Checklist for managers to evaluate how RONV was determined
In most areas in BC, data on RONV are scarce or absent. This is due to a lack of research, lack of remaining evidence of past
structure and function and/or lack of methods (e.g., spatially explicit simulation models) to derive RONV. Moreover, even where data
 are present, they may only represent the portion of RONV they were able to capture, rather than the entire range of variability. The term
”apparent range of variability” has been suggested to convey the dependence of the definition on the temporal and spatial extent of
available data and information (Figure 1; Wong 1999, Wong and Iverson 2001) – e.g., the fire history of an area could be that apparent
from 200- 400 years of tree ring records sampled over 100 ha on a north-facing aspect.
Forest managers and auditors will often be faced with evaluating whether the temporal and spatial scales over which the RONV was
determined are adequate. For example, the field testing for Draft 2 of the FSC Regional Certification Standards for British Columbia
indicated that simpler guidance in the RONV concept is required for auditors to consistently use RONV as a verifier (Moore
2001).

Below we suggest a checklist for managers and auditors to determine whether RONV has been adequately determined.
 
When evaluating RONV for stand- and landscape-level attributes, was RONV estimated by:

1. Using data from stands or landscape with sufficient pre-settlement structure?

2. Sampling stands or landscapes representative of pre-settlement conditions? For instance, remaining old-growth stands are often
a function of previous logging patterns and may not represent the entire range of pre-settlement stand conditions.

3. Sampling stands or landscape representative of the operating area? Or, if landscape pattern was simulated, was RONV
estimated by using locally determined disturbance parameters for the spatially explicit model and simulating a landscape similar
in topography and vegetation as the operating area?

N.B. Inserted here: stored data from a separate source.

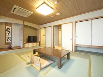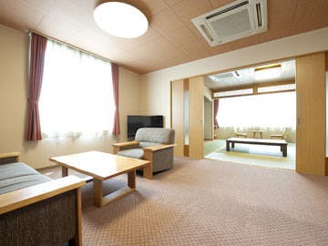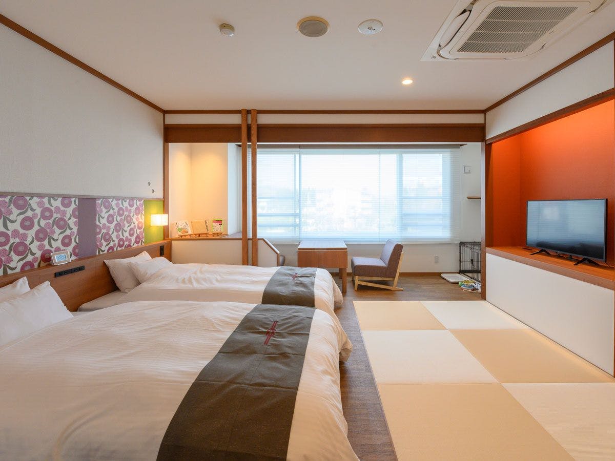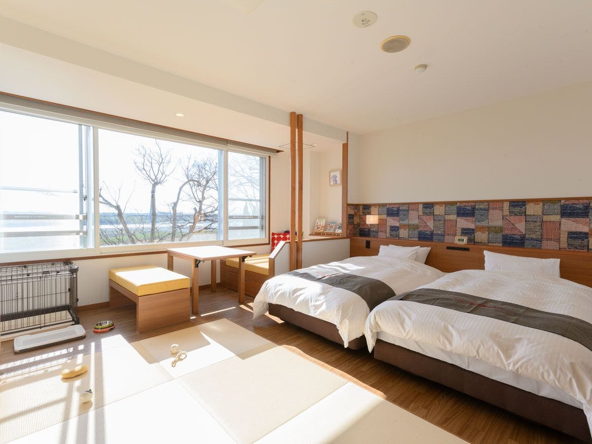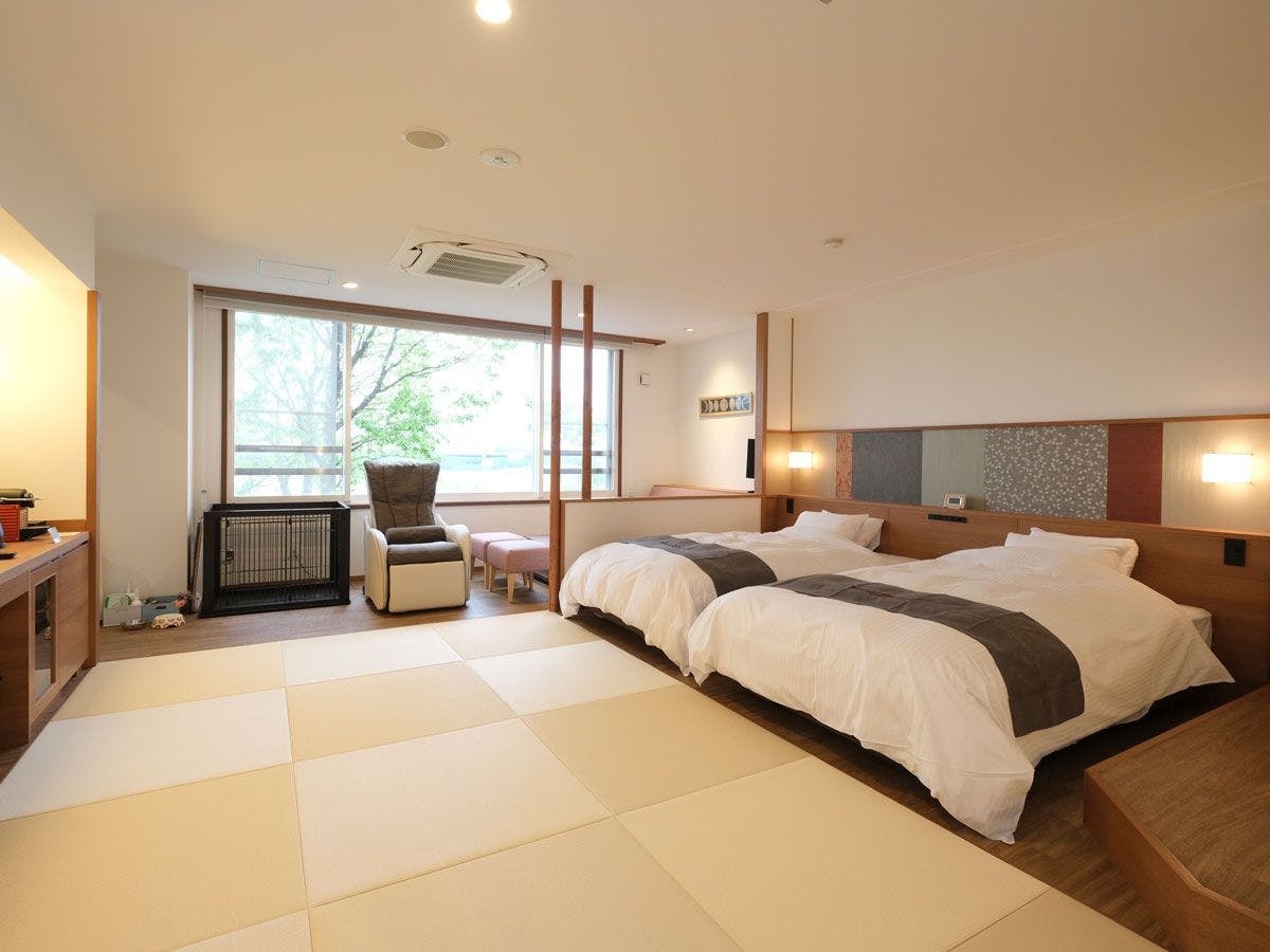 最愛のワンちゃんとともに、充実した温泉滞在が楽しめる、デラックス和洋室。
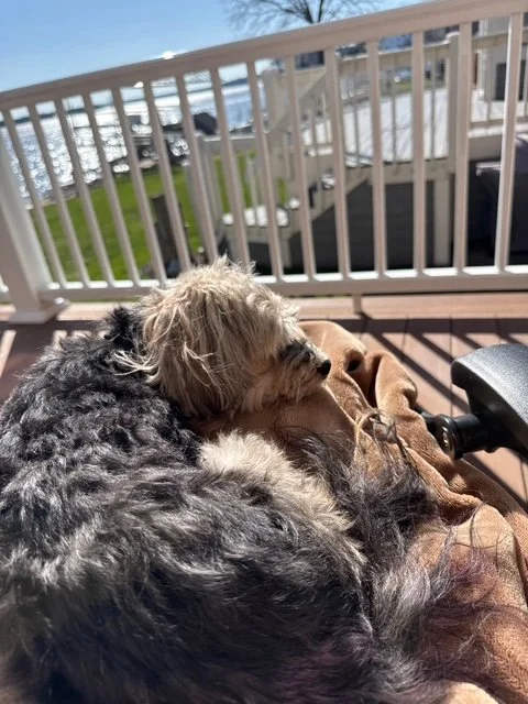 But the fact is that it is not a nightmare, so I get up and make sure that I am remaining present in each day and not burying my feelings. I sit with them each day. Then Jinx and I sit in the sun and watch the lake and we walk around the yard. He plays in the water and I just watch him, snapping photos and videos that I’ll mourn over later. This is what the last few weeks have looked like for us in between meds several times per day and making meals that I coax him into eating.
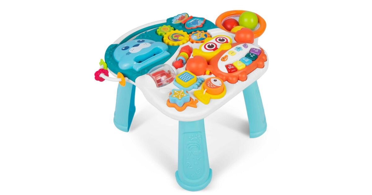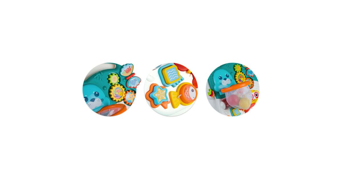 - 🧩 Măsuță educativă: Panou educațional detașabil, colorat, cu numere, forme, culori, roți dințate mobile, pian și coș cu bile (3 bile incluse).
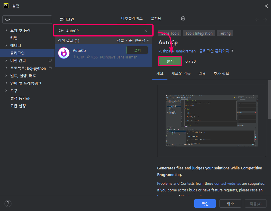 최신 빌드로 업데이트 후에도 마켓플레이스에서 플러그인을 다운로드할 수 없다면, https://github.com/Pushpavel/AutoCp/releases 에서 최신 AutoCP 플러그인을 설치하세요.
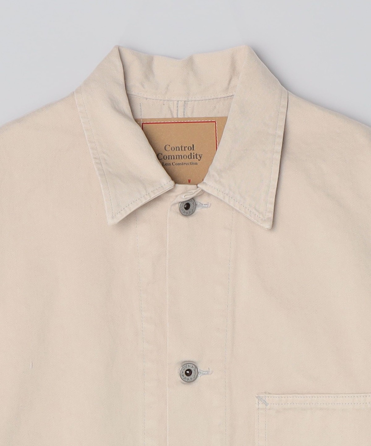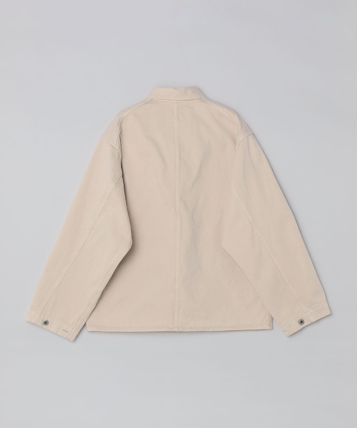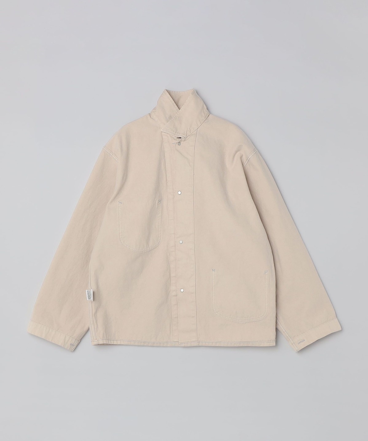 SKEWed(スキュー)のカバーオールジャケットパッチポケットを2つ配した、簡素化されたミニマルなディテールが特徴。
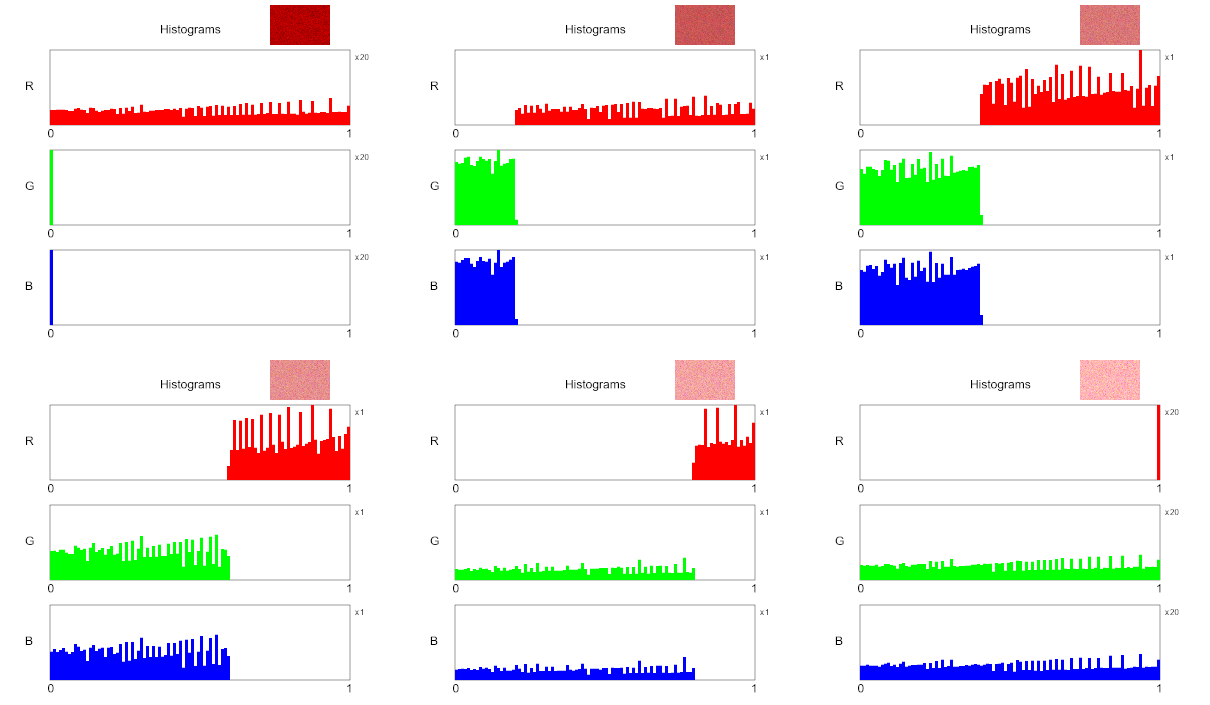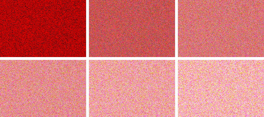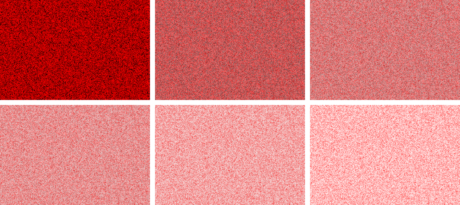 上記のランダムカラードットと赤一色を β = 0.0, 0.2, 0.4, 0.6, 0.8, 1.0 で加算的色変換を行います。下図が得られます。左上から右に β = 0.0, 0.2, 0.4、右下から右に β = 0.6, 0.8, 1.0 です。
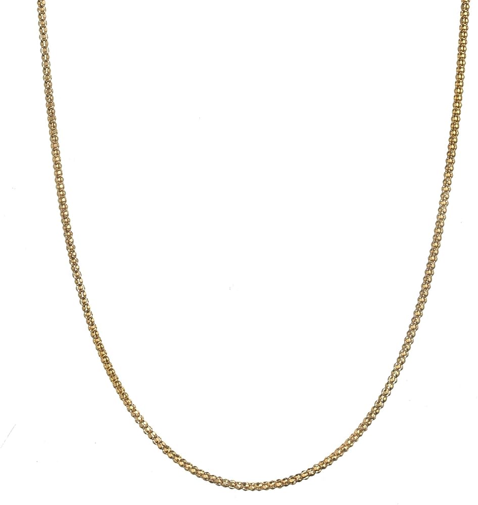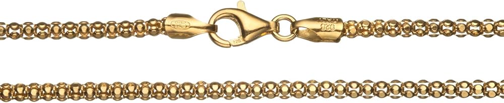 This shimmering 2.3mm popcorn chain necklace is sturdy and durable, yet it's lightweight and comfortable to wear. The high quality chain is made in Italy with the finest craftsmanship, using only genuine solid .925 sterling silver, with a shimmering 18K yellow gold flashed color. Each chain is stamped 925 and ITALY for authenticity. Our chains are imported directly from the Italian manufacturer, allowing us to offer you the lowest prices. This chain is secured with a heavy duty lobster claw clasp, which is more durable than the standard spring ring clasp used in other chains. Available in various sizes between 16" - 30". Select your desired length from the drop down list.
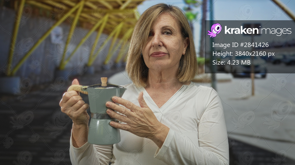 Caucasian middle aged woman holds green moka pot while covering mouth in yawn on urban street under daylight; fatigue.
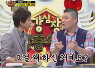 이에 MC이승기는 강호동에게 "그걸 왜 하신거예요?"라고 물어 강호동을 당황하게 만들었다. (사진=SBS 방송 캡처)
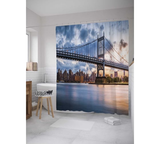 Штора (занавеска) для ванной JoyArty "Архитектурная гордость" из сатена, 180х200 см с крючками, sc_8988
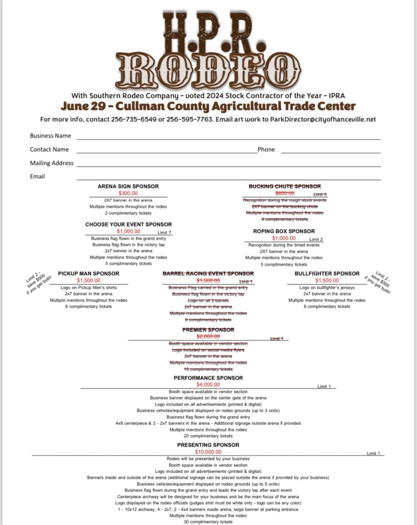 Hanceville Park and Rec currently has sponsorship openings for the upcoming H.P.R Pro Rodeo. Sponsorship packages offer a unique opportunity for businesses to engage with a diverse and passionate audience. Benefits of sponsorship include increased brand visibility through event signage, announcements and social media promotion.
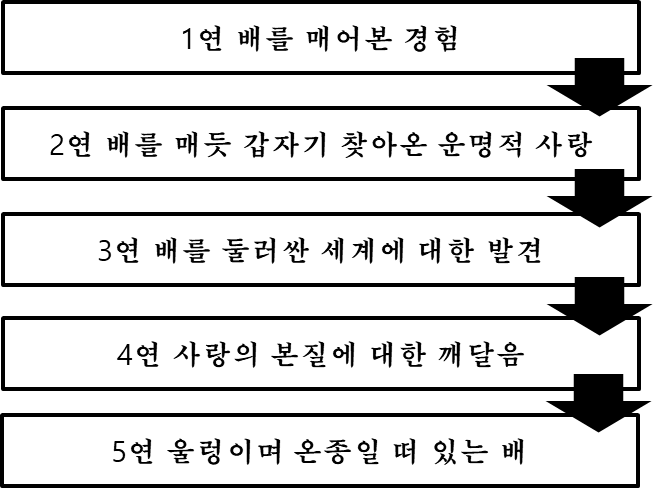 시는 배를 매어본 경험에서 시작합니다. 시인은 배를 매어본 경험을 통해 사랑에 대해 생각하는 데요. 이렇듯 이 시는 사랑이라는 추상적인 관점에 대한 생각을 배를 매는 구체적인 경험으로 형상화 하여 드러내고 있습니다. 즉, 표면적으로는 배를 밧줄로 매는 일을 노래하고 있지만, 이면적으로는 사랑의 본질을 사색하고 있는 것이지요. 사랑이란 배를 갑자기 날아든 밧줄을 잡아 배를 매는 것처럼 예기치 못한 순간에 저항할 수 없이 시작되며, 배를 맬 때 배를 둘러싼 구름과 빛과 시간이 함께 매어지듯이 사랑 또한 사랑하는 이를 둘러싼 세계까지 함께 받아들이는 일이라고 시인은 배를 매는 행위와 연관하여 말하고 있는 것이죠.

4. Sampling at a resolution appropriate for describing the variation of the attribute in question?


5. Methods that account for post-settlement changes? For example, stand reconstruction of logged areas must examine whether
patterns of stand development in a given area are “natural” or due to fire exclusion from fire suppression and fuel reduction from
grazing.

6. Considering temporal and spatial trends in the data?

7. Considering the uncertainty and assumptions in data by using sensitivity analyses? This includes age errors in the Forest
Inventory Planning data, assumptions about the original composition and structure of logged stands, assumptions about the role
of insects.

8. Using appropriate methods for determining RONV? For example, fire return intervals determined from fire scars must be from
cross-dated samples[3] whereas fire return intervals determined from time-since-fire maps (in BC, most studies have used the
forest cover maps as proxies) require different assumptions depending on the method used (see review in Wong et al. 2002).


9. Defining clearly, consistently and a priori what part of the distribution will define the “range”?

10. Using a process that included independent peer-review?

How is RONV used in current forest management?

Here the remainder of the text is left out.